** Opening RECORDS FOR THIS EXERCISE block **
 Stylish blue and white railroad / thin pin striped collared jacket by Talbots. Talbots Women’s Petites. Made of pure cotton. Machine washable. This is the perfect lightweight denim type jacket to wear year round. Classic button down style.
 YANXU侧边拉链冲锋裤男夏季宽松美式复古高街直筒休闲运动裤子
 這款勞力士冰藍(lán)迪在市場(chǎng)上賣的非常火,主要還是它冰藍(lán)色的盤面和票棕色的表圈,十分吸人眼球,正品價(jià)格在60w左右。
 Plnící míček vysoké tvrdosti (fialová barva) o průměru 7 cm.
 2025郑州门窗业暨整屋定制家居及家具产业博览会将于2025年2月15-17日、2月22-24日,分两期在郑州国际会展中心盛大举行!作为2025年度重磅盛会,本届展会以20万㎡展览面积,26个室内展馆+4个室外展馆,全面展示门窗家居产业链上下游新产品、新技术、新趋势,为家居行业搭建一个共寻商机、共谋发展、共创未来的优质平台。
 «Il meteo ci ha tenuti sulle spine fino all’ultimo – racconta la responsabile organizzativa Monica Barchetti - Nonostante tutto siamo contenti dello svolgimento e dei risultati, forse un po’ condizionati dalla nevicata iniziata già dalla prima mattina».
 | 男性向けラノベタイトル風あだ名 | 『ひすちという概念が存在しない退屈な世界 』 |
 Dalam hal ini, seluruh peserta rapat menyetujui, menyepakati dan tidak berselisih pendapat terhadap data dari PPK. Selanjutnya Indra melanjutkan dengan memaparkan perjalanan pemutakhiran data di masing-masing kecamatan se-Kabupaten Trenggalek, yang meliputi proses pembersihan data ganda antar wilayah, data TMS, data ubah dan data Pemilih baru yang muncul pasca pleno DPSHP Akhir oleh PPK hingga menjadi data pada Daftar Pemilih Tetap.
** Closing RECORDS FOR THIS EXERCISE block **
** Opening RECORDS FOR THIS EXERCISE block **
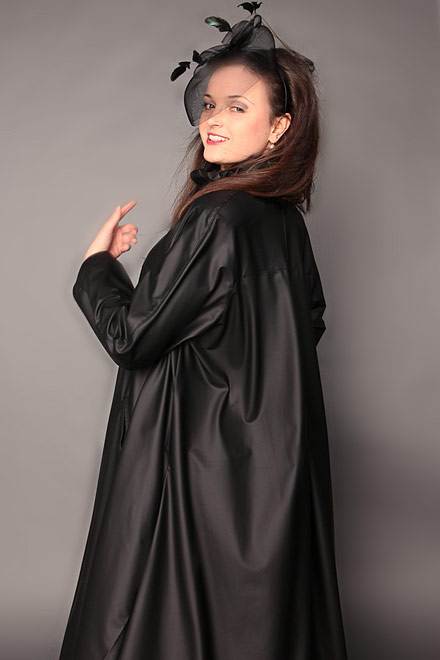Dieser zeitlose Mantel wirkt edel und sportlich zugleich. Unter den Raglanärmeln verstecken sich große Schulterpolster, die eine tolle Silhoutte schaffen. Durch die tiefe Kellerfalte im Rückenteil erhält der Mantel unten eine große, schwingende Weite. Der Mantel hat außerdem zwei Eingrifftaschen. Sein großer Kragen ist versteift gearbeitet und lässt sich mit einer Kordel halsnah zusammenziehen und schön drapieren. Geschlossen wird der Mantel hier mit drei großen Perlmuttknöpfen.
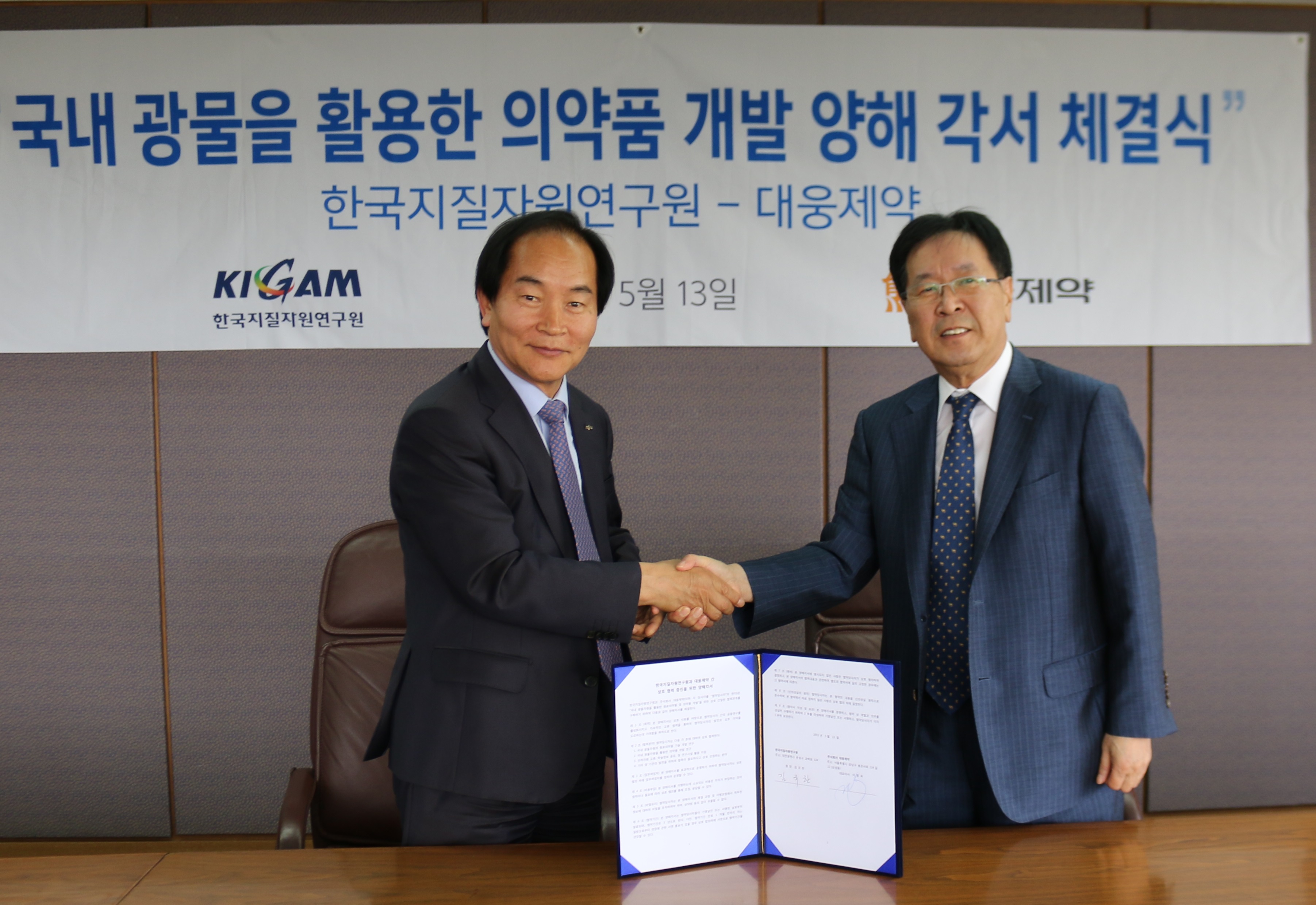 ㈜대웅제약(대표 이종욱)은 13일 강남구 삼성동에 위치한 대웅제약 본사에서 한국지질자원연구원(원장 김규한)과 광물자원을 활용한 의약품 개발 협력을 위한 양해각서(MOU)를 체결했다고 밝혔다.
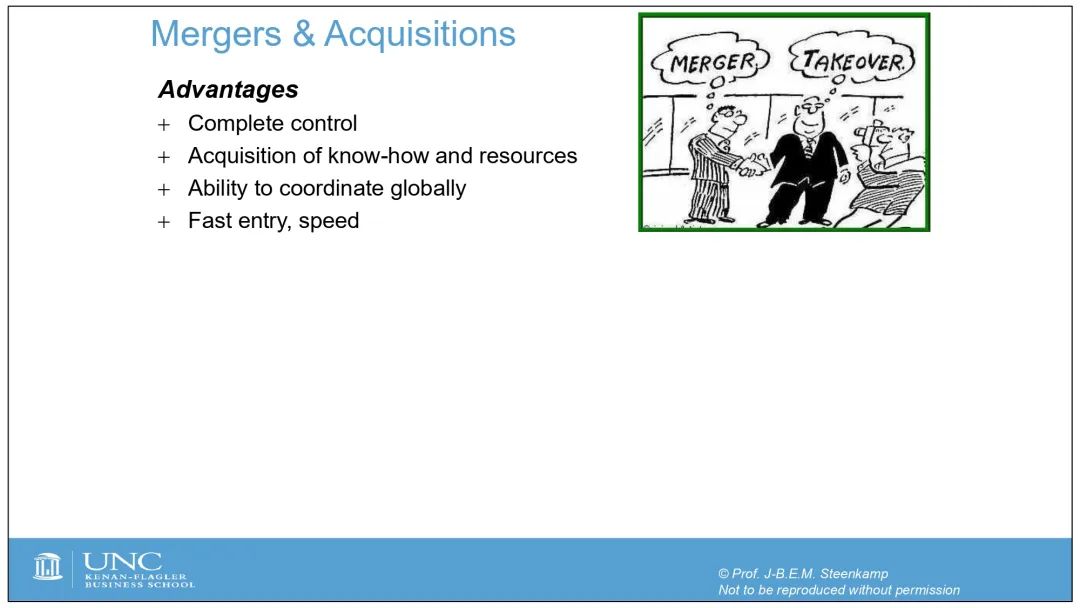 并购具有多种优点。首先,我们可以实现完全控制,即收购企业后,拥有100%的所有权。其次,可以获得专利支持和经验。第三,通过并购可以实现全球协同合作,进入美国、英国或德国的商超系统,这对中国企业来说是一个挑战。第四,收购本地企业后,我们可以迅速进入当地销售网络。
** Closing RECORDS FOR THIS EXERCISE block **
** Opening RECORDS FOR THIS EXERCISE block **
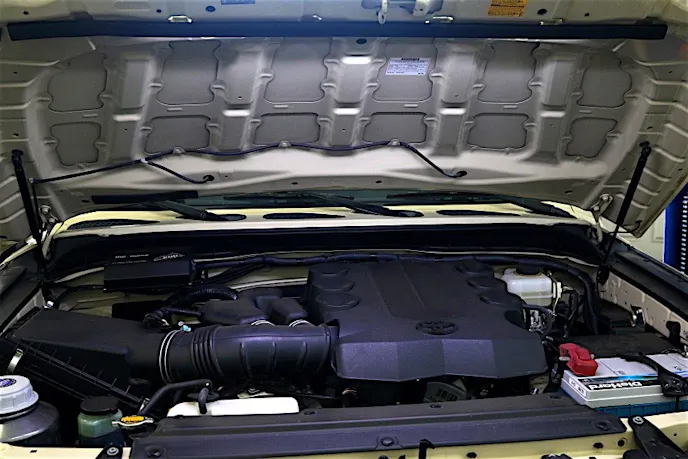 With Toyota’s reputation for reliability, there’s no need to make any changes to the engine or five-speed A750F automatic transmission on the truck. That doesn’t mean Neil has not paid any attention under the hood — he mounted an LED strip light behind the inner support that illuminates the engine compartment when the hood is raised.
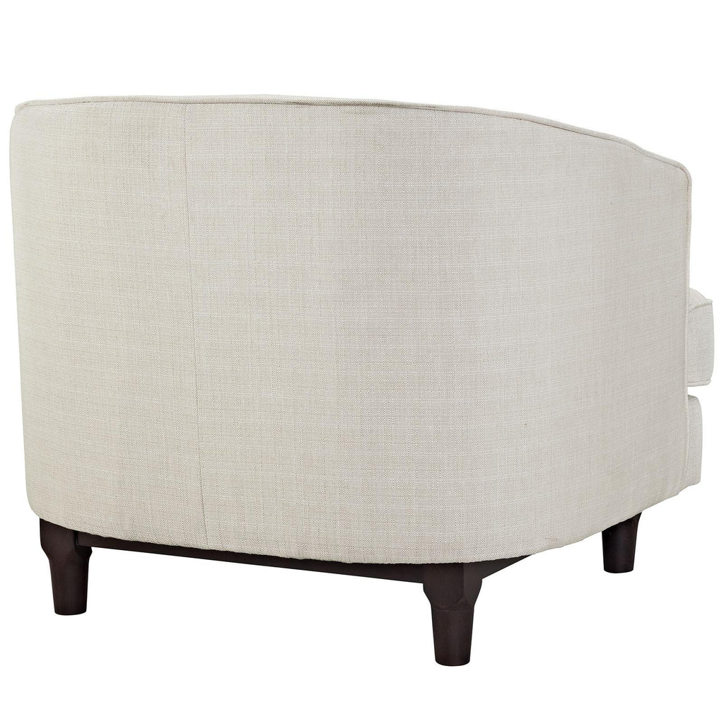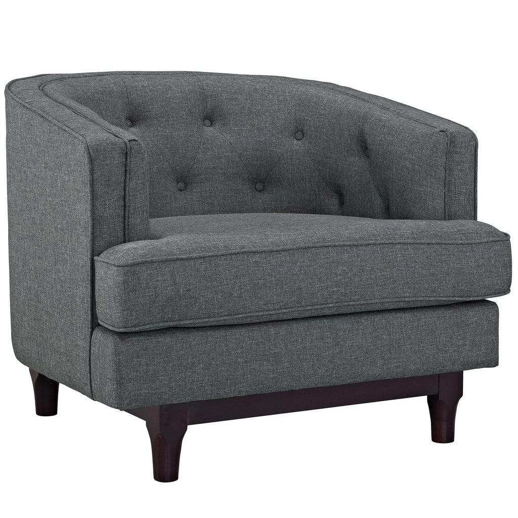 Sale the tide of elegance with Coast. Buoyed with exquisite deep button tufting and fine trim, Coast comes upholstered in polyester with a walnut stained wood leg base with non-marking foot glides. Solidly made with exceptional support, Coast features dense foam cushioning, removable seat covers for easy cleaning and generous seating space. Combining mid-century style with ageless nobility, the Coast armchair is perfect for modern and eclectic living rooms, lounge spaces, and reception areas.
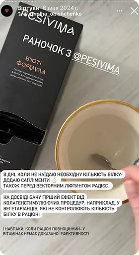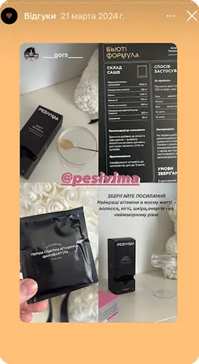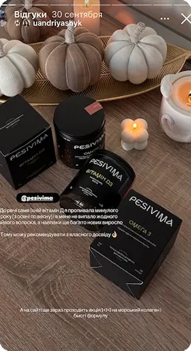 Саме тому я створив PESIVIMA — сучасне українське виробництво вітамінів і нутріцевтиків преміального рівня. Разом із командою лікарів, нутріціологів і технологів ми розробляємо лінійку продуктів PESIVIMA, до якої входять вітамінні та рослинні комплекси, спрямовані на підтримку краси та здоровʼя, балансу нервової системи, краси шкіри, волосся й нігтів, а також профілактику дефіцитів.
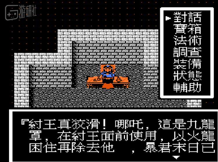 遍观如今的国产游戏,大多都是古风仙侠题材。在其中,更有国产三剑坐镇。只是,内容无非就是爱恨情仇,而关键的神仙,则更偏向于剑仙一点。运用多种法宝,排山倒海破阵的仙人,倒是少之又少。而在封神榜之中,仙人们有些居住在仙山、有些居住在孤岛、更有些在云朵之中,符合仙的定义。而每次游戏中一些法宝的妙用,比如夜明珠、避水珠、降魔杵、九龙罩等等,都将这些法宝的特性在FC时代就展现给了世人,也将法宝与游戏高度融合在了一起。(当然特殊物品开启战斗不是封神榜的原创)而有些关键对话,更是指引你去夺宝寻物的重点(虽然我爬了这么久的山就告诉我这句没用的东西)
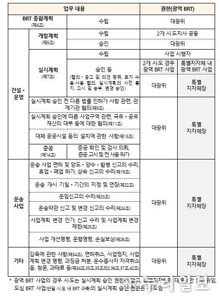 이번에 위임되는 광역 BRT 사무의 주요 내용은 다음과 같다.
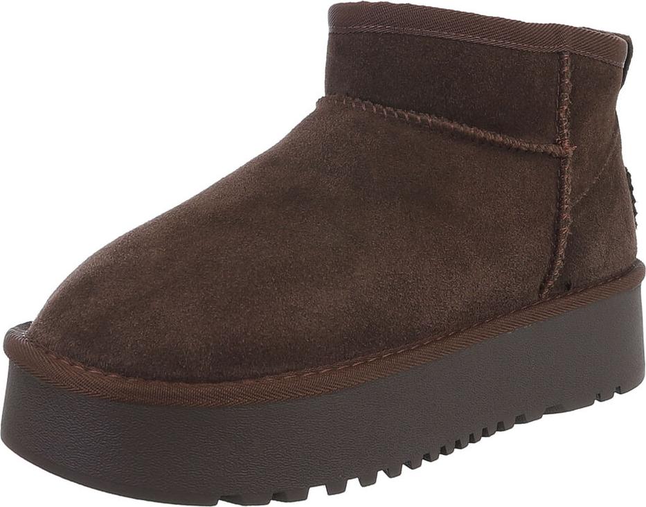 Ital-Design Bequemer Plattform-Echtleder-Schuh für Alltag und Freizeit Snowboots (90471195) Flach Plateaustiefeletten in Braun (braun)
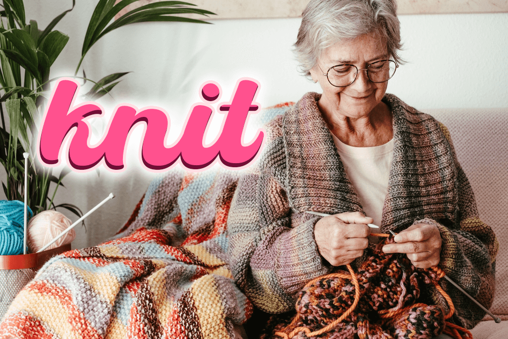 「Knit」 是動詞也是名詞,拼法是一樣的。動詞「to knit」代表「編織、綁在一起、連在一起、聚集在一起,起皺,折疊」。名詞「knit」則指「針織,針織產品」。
** Closing RECORDS FOR THIS EXERCISE block **
EXERCISE GOAL
Keep both end lines and retype everything in the records above from the line containing "YANXU侧边拉链冲锋裤男夏季宽松美式复古高街直筒休闲运动裤子" through the line containing "男性向けラノベタイトル風あだ名 | 『ひすちという概念が存在しない退屈な世界 』 |", exactly, with nothing else.

PROBLEM SOLUTION
 YANXU侧边拉链冲锋裤男夏季宽松美式复古高街直筒休闲运动裤子
 這款勞力士冰藍(lán)迪在市場(chǎng)上賣的非常火,主要還是它冰藍(lán)色的盤面和票棕色的表圈,十分吸人眼球,正品價(jià)格在60w左右。
 Plnící míček vysoké tvrdosti (fialová barva) o průměru 7 cm.
 2025郑州门窗业暨整屋定制家居及家具产业博览会将于2025年2月15-17日、2月22-24日,分两期在郑州国际会展中心盛大举行!作为2025年度重磅盛会,本届展会以20万㎡展览面积,26个室内展馆+4个室外展馆,全面展示门窗家居产业链上下游新产品、新技术、新趋势,为家居行业搭建一个共寻商机、共谋发展、共创未来的优质平台。
 «Il meteo ci ha tenuti sulle spine fino all’ultimo – racconta la responsabile organizzativa Monica Barchetti - Nonostante tutto siamo contenti dello svolgimento e dei risultati, forse un po’ condizionati dalla nevicata iniziata già dalla prima mattina».
 | 男性向けラノベタイトル風あだ名 | 『ひすちという概念が存在しない退屈な世界 』 |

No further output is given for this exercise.